:: EXTRACTED RECORDS ::

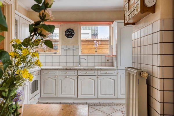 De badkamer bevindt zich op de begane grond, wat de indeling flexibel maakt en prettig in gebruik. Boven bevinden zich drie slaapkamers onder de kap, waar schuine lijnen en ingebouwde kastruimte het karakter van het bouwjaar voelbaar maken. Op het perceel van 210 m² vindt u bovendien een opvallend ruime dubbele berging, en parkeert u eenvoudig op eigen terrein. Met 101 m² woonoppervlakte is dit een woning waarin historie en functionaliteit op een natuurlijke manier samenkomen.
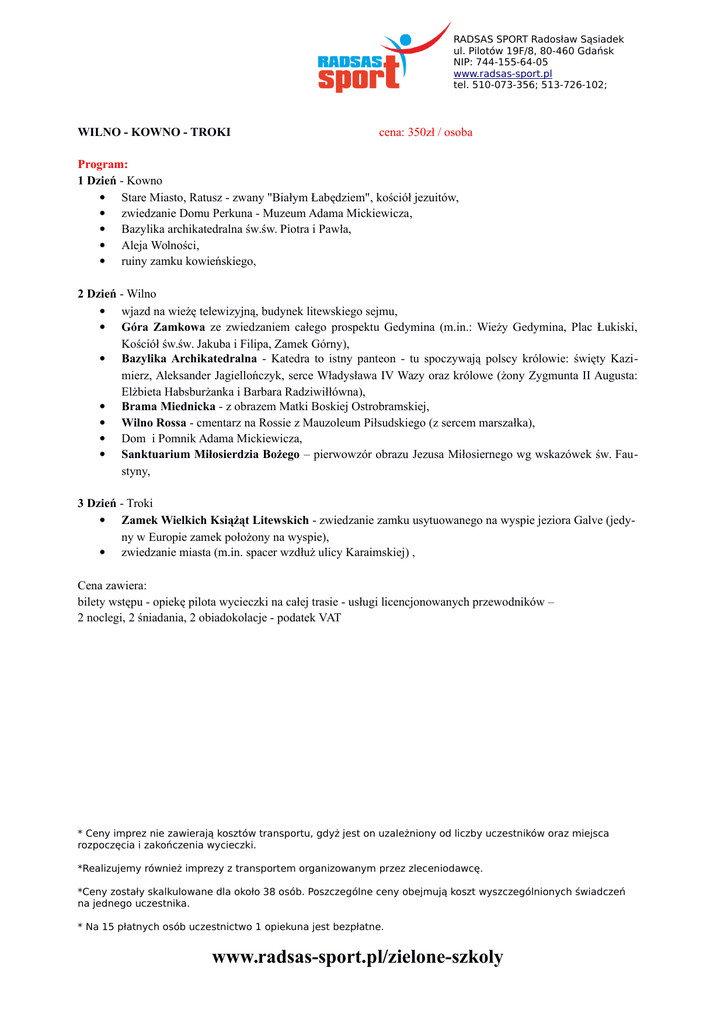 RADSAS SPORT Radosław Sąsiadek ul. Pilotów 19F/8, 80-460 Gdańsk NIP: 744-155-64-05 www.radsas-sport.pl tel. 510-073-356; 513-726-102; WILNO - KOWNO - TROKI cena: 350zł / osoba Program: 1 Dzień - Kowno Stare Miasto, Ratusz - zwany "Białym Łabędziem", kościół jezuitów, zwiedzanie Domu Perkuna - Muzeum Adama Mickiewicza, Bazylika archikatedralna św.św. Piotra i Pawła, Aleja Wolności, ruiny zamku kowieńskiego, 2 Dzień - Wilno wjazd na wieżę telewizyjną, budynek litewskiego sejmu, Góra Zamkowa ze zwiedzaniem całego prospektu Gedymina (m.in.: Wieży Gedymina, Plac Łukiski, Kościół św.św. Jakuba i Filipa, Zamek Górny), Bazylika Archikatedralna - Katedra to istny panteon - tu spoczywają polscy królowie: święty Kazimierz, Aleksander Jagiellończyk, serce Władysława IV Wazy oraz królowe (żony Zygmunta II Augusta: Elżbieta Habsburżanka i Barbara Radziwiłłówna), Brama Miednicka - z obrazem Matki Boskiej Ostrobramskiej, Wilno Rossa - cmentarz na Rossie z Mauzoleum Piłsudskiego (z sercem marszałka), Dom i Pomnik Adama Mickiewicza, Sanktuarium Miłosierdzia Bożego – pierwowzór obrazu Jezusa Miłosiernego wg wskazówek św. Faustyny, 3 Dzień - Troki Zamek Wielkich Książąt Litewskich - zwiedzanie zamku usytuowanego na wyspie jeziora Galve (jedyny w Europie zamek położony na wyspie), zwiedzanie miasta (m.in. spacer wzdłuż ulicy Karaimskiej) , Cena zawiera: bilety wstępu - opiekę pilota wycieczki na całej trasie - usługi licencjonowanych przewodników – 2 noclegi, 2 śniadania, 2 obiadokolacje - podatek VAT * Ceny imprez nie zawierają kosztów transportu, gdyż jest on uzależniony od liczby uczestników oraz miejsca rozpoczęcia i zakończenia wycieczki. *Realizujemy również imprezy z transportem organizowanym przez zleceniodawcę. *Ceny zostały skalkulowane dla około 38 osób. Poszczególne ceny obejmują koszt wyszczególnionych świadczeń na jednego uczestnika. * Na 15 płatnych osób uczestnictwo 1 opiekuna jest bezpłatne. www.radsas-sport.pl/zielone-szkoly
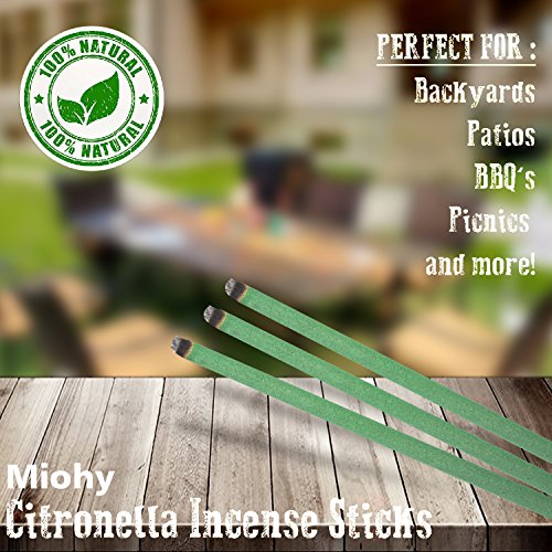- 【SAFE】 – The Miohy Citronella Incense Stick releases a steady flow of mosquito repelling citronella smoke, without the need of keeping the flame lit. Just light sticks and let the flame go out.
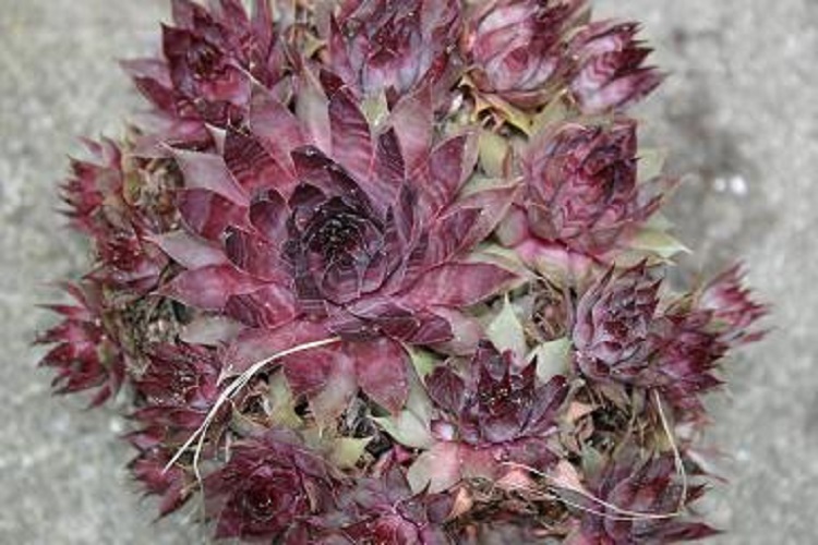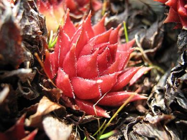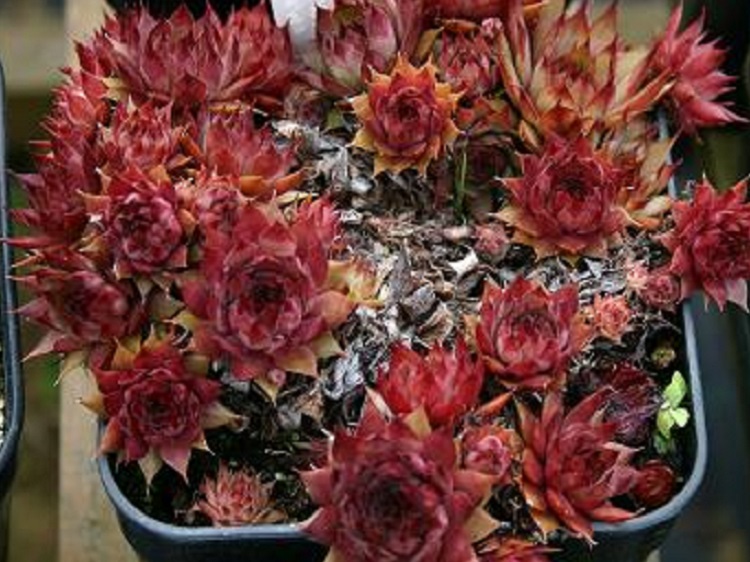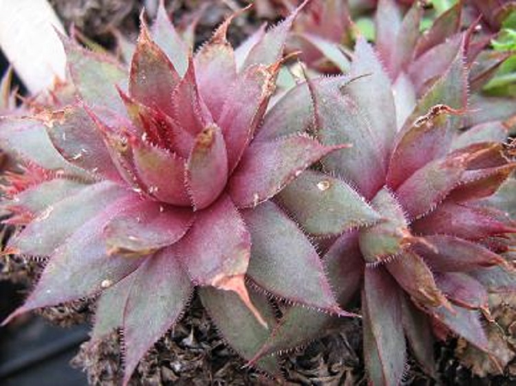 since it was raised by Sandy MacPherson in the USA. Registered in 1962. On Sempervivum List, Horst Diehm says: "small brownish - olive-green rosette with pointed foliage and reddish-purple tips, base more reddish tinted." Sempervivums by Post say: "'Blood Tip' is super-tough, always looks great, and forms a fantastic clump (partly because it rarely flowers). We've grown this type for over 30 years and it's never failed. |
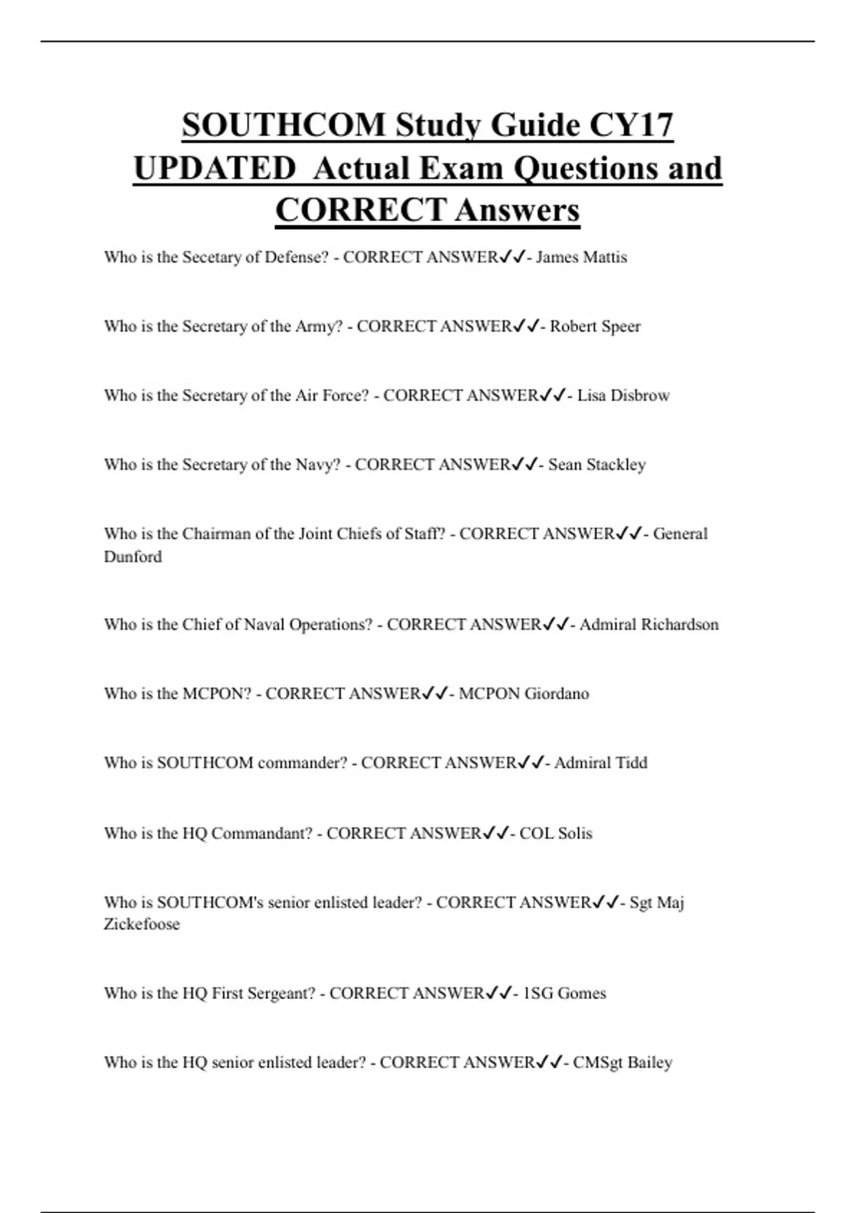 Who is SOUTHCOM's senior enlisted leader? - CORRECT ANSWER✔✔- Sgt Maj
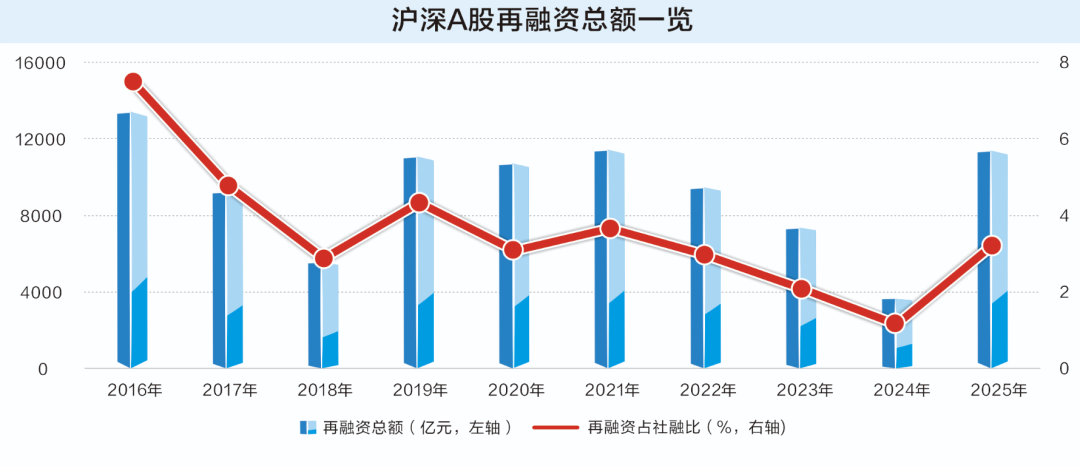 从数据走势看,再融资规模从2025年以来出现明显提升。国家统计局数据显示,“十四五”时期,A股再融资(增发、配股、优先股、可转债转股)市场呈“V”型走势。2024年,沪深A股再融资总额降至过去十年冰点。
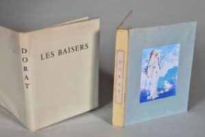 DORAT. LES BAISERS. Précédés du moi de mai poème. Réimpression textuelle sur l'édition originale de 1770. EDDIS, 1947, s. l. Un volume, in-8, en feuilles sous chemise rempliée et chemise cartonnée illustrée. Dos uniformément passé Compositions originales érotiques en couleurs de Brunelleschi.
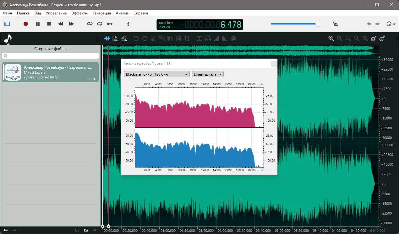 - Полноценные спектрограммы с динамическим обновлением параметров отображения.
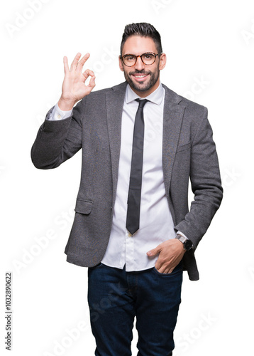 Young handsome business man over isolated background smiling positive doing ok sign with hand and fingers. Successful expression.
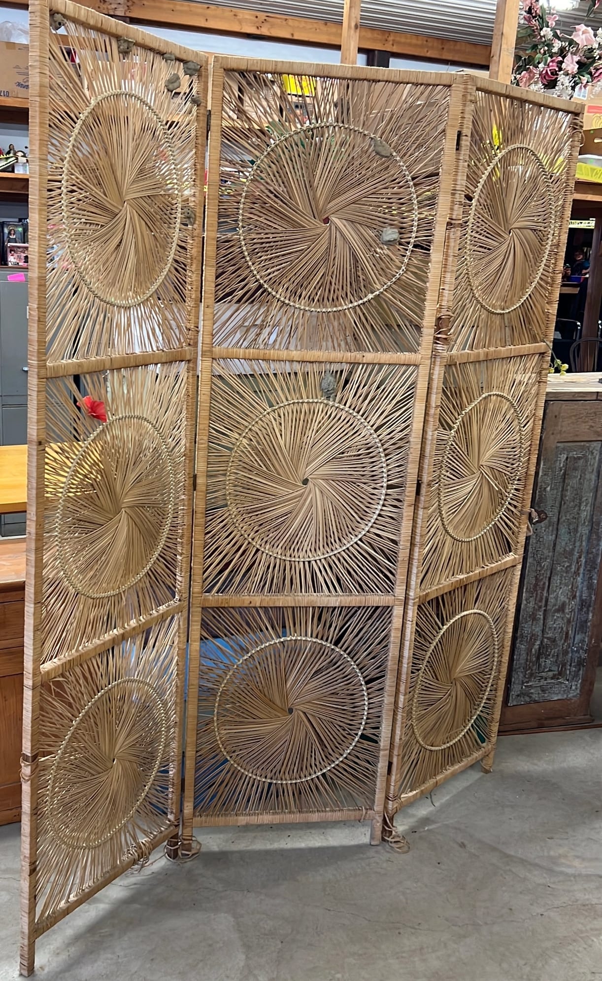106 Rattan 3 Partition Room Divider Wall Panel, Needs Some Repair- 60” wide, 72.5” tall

:::

» EXERCISE OBJECTIVE
Your answer must be the lines above from the one holding "since it was" up to and including the one holding "从数据走势看,再融资规模从2", exact and with no pictures.

» REPLY TO THE TASK
 since it was raised by Sandy MacPherson in the USA. Registered in 1962. On Sempervivum List, Horst Diehm says: "small brownish - olive-green rosette with pointed foliage and reddish-purple tips, base more reddish tinted." Sempervivums by Post say: "'Blood Tip' is super-tough, always looks great, and forms a fantastic clump (partly because it rarely flowers). We've grown this type for over 30 years and it's never failed. |
 Who is SOUTHCOM's senior enlisted leader? - CORRECT ANSWER✔✔- Sgt Maj
 从数据走势看,再融资规模从2025年以来出现明显提升。国家统计局数据显示,“十四五”时期,A股再融资(增发、配股、优先股、可转债转股)市场呈“V”型走势。2024年,沪深A股再融资总额降至过去十年冰点。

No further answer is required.